I am trying to simplify the expression $2\cos^{2}6x-1$.
The book got the answer of $\cos 12 x$ by doing $2\cos^{2}6x-1 = \cos2\left(6x\right) = \cos12x$
It said the double angle is $12x$. I don't know how $2\cos^{2}6x-1$ got to $\cos2\left(6x\right)$, can anyone explain how this works?
It said it used cosine of double-angle formula, but I am not sure how it got the answer.
$$\cos(2\theta) = \cos^2(\theta) - \sin^2(\theta) = 2\cos^2(\theta) - 1$$ Since $\cos^2(\theta) + \sin^2(\theta) = 1$
To prove the cosine double angle identities, we need the sum identity for cosine. That is, $\cos(x+y) = \cos x\cos y - \sin x \sin y.$ For a proof of this, see the picture below.
Now taking $y=x$, we get $\cos(2x) = \cos^2x - \sin^2x$. Now since $\sin^2x + \cos^2x = 1$, we have $\cos(2x) = \cos^2x - (1-\cos^2 x)$.

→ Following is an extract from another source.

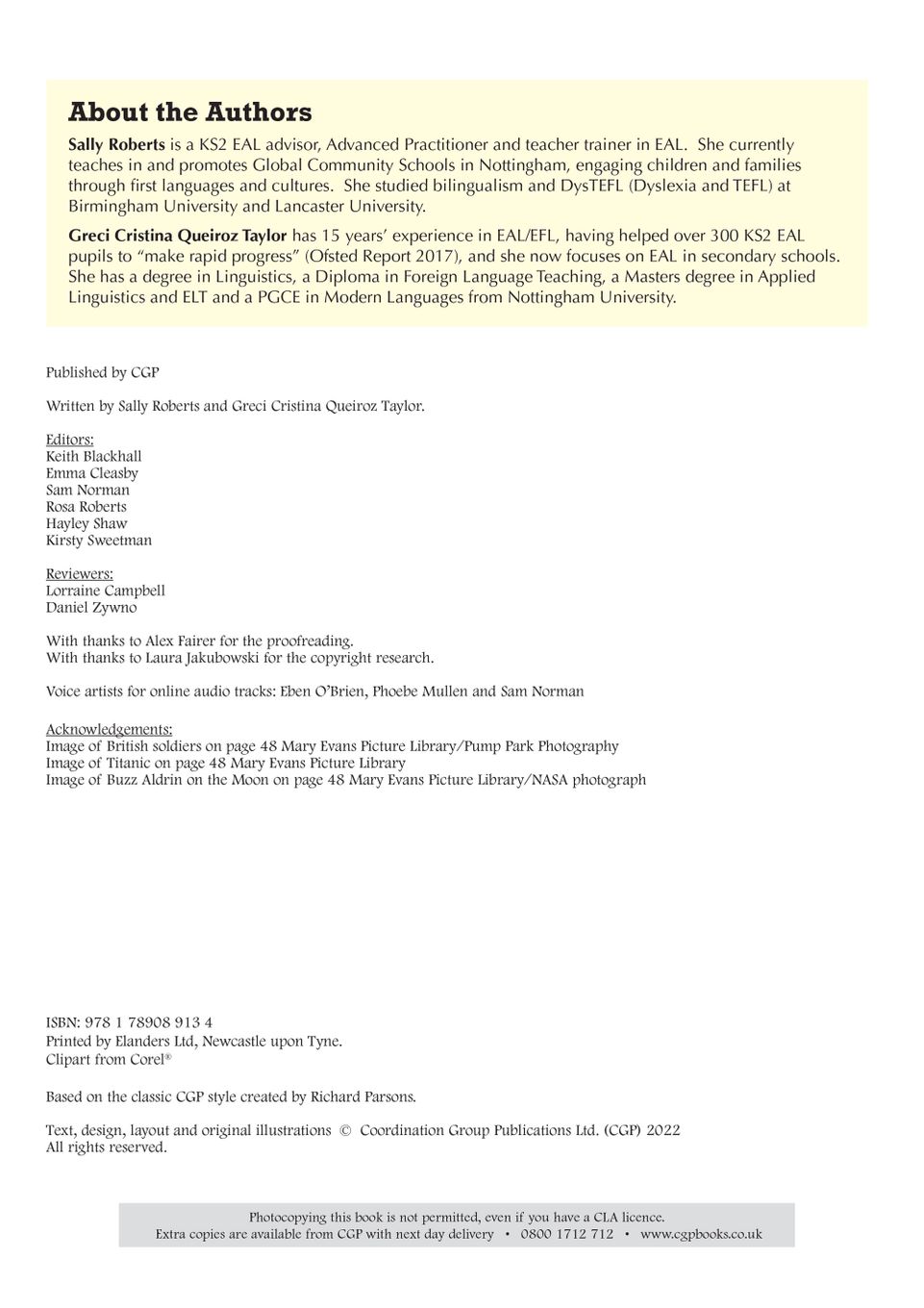Finally, the English as an Additional Language (EAL) for Ages 11-16 - Workbook 2 (Early Acquisition) is also very useful for children studying outside of the UK on comparable international curriculums such as the Cambridge Primary Curriculum or The Pearson Edexcel International Primary Curriculum.

Simplifying, we have $\cos(2x) = 2\cos^2x - 1.$
I get:
$$2cos^2(6x)-1=cos(12x)$$
Verify the identity:
$$2*\frac{1+cos(12x)}{2}-1{=}cos(12x)$$ $$1+cos(12x)-1=cos(12x)$$ $$cos(12x)=cos(12x)$$
Now the left hand side and right hand side are identitcal!